You should also look at the profile where the bottleneck is.
Perhaps this is at the core, perhaps at your hardware limit. Until you consult him to find out that you stumble in the dark.
EDIT:
Well, then a more thorough answer. According to Boost.Iostreams documentation, basic_file_source is just a wrapper around std::filebuf , which in turn is built on std::streambuf . To quote the documentation:
CopyConstructible and Assignable wrapper for std :: basic_filebuf, open in read-only mode.

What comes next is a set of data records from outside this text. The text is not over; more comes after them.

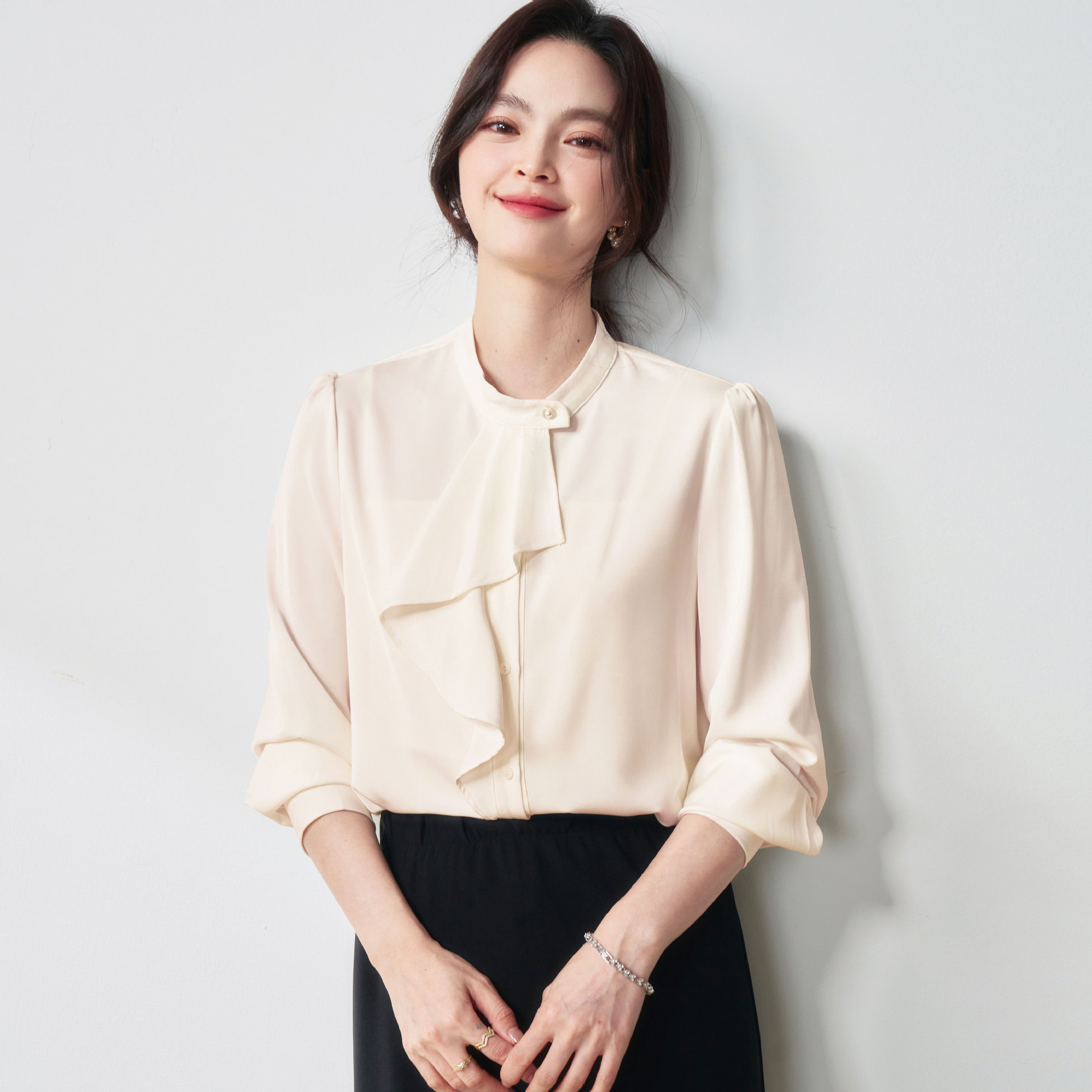 25秋ライト職場優しいスタイル不規則リボンシャツデザインOL通勤プロ長袖シャツ25058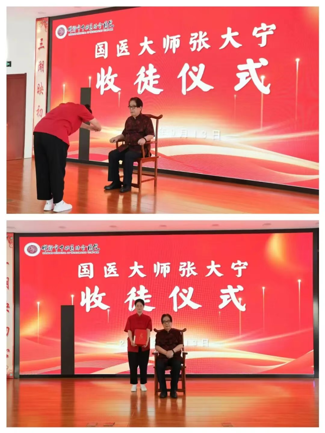 仪式上,肾内科中医师杨璐向张大宁行三鞠躬礼并献香茶,张大宁颁发拜师证书、赠送著作,缔结师徒关系。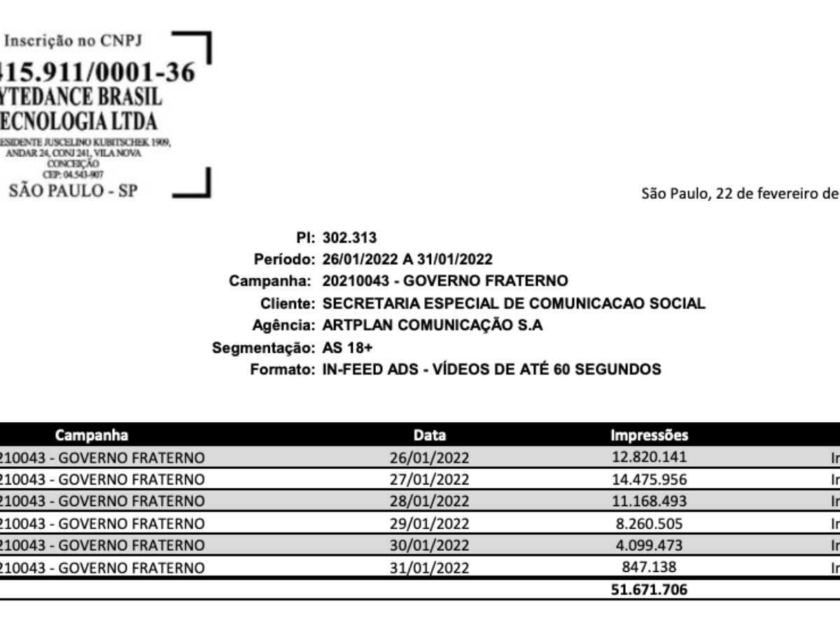 A Secom (Secretaria Especial de Comunicação) do governo Jair Bolsonaro (PL) pagou pela primeira vez por anúncios no TikTok. A pasta desembolsou R$ 157 mil para impulsionar publicações na plataforma entre 26 e 31 de janeiro deste ano, segundo nota fiscal emitida em março pela Bytedance, empresa responsável pelo TikTok. Os vídeos somaram 51,6 milhões de visualizações, de acordo com relatório da empresa.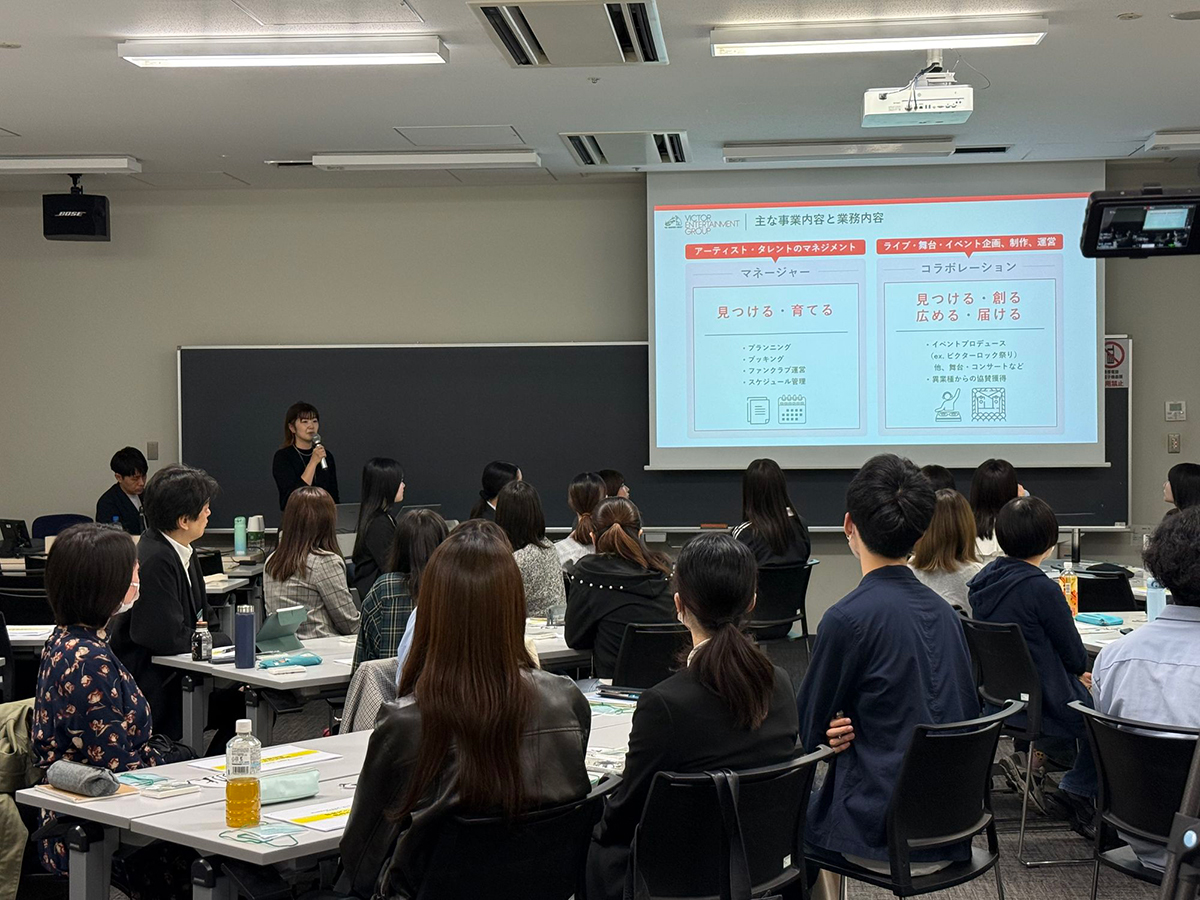 受講後アンケートには、「著作物の定義が自分が本来思っていたものと違い驚きがあった。」「著作権というと一見難しい内容に感じるが、音楽レーベルとアーティストの関係性を用いた解説で分かりやすかった」などの声が寄せられ、「著作権」を身近な題材と実践的な視点を通じて分かりやすく学べる機会となりました。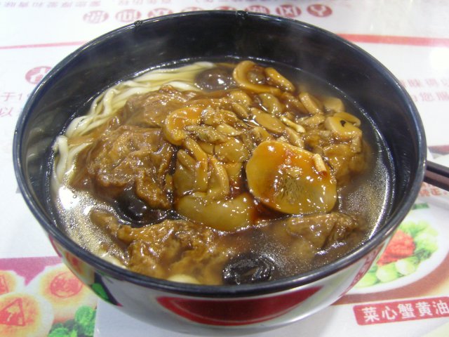 双菇自然是平菇和蘑菇,用酱油烹饪的,和面筋一起作为浇头浇在面上。平菇是柔嫩的,蘑菇则是滑嫩的,浓香的酱油让它们更加入味。面筋并不是我们常常吃到的那种圆形的面筋,而是有些厚度层次和质感的,口感上其实更像是素鸡,味道也是酱香的。面条就是一般老百姓家经常会吃的那种挂面。虽然浇头的味道很合我的口味,但是对于面条,我还是吃不了太多。

streambuf provides a pubsetbuf method (maybe not the best link, but the first google appeared), which you can apparently use to control the size of the buffer.
For example:
#include <fstream> int main() { char buf[4096]; std::ifstream f; f.rdbuf()->pubsetbuf(buf, 4096); f.open("/tmp/large_file", std::ios::binary); while( !f.eof() ) { char rbuf[1024]; f.read(rbuf, 1024); } return 0; }
In my test (optimization off, though) I really got worse performance with a 4096 byte buffer than a 16 byte buffer, but YMMV is a good example of why you should always profile first :)
But, as you say, basic_file_sink does not provide any means to access this, since it hides the underlying filebuf in its private part .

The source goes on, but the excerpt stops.